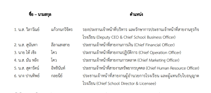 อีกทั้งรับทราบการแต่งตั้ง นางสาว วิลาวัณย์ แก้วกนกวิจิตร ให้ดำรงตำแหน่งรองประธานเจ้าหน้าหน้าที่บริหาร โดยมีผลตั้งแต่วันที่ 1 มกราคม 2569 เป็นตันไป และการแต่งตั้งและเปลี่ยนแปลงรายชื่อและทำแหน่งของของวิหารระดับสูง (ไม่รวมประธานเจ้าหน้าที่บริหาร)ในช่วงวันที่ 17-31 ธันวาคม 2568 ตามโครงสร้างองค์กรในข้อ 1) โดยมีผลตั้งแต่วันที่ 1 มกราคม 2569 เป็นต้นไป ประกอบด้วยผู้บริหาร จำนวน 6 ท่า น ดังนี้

******************************

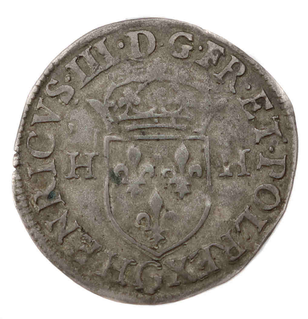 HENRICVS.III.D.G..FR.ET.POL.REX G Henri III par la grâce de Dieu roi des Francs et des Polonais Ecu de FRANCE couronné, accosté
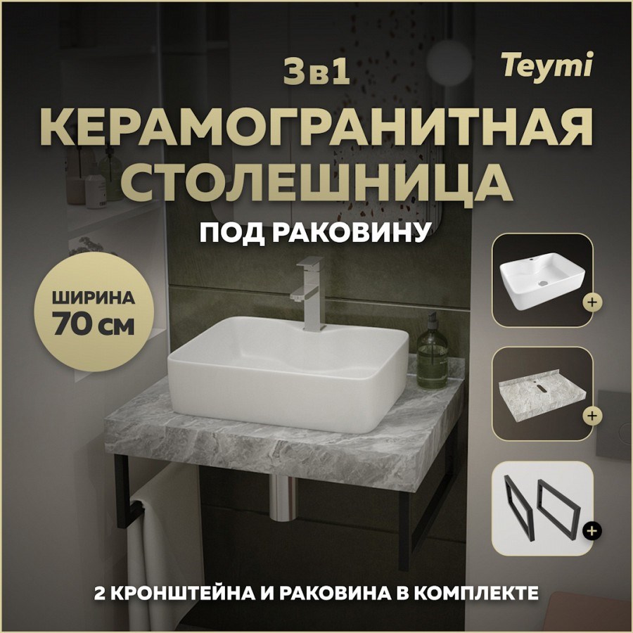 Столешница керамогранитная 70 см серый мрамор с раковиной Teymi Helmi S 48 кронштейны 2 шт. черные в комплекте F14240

******************************

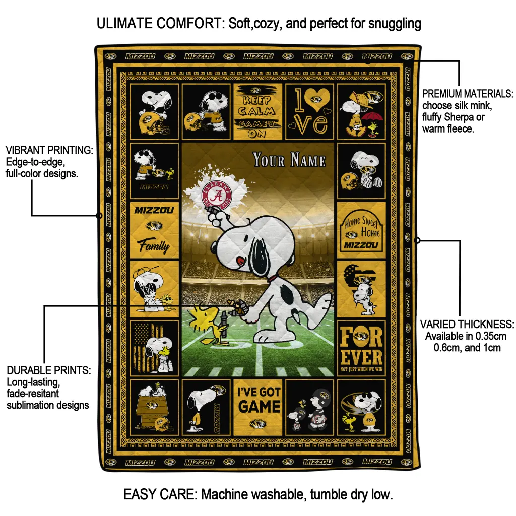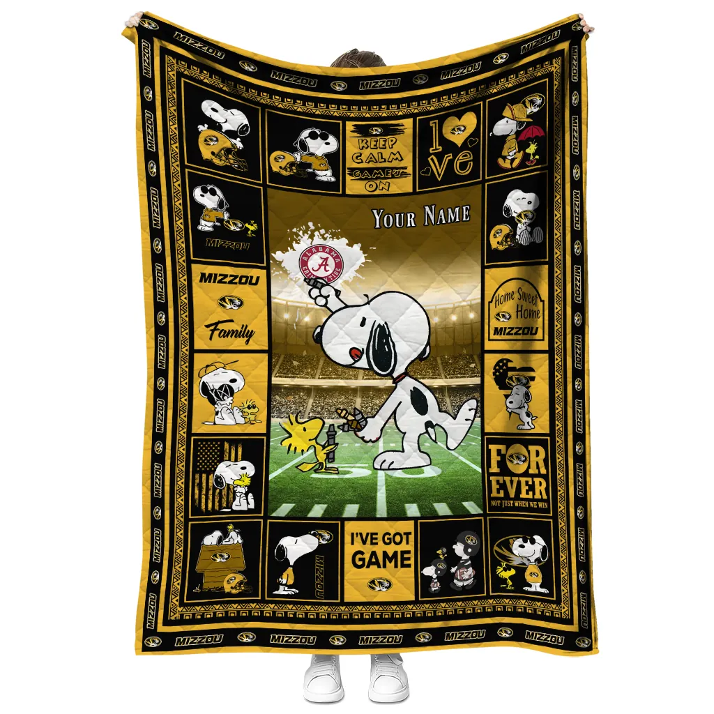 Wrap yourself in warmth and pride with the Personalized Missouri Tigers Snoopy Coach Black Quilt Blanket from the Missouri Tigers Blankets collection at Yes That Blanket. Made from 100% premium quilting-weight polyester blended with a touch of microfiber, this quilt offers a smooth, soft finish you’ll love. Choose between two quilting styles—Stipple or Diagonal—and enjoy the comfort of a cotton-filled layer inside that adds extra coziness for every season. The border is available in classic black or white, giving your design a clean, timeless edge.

******************************

EXERCISE DETAILS: Give again, exactly as written above, each line from the one that has "HENRICVS.III.D.G..FR.ET.POL.REX G Henri" to the one that has "Столешница керамогранитная 70", both included; omit the pictures.

SOLUTION TO THE PROBLEM:
 HENRICVS.III.D.G..FR.ET.POL.REX G Henri III par la grâce de Dieu roi des Francs et des Polonais Ecu de FRANCE couronné, accosté
 Столешница керамогранитная 70 см серый мрамор с раковиной Teymi Helmi S 48 кронштейны 2 шт. черные в комплекте F14240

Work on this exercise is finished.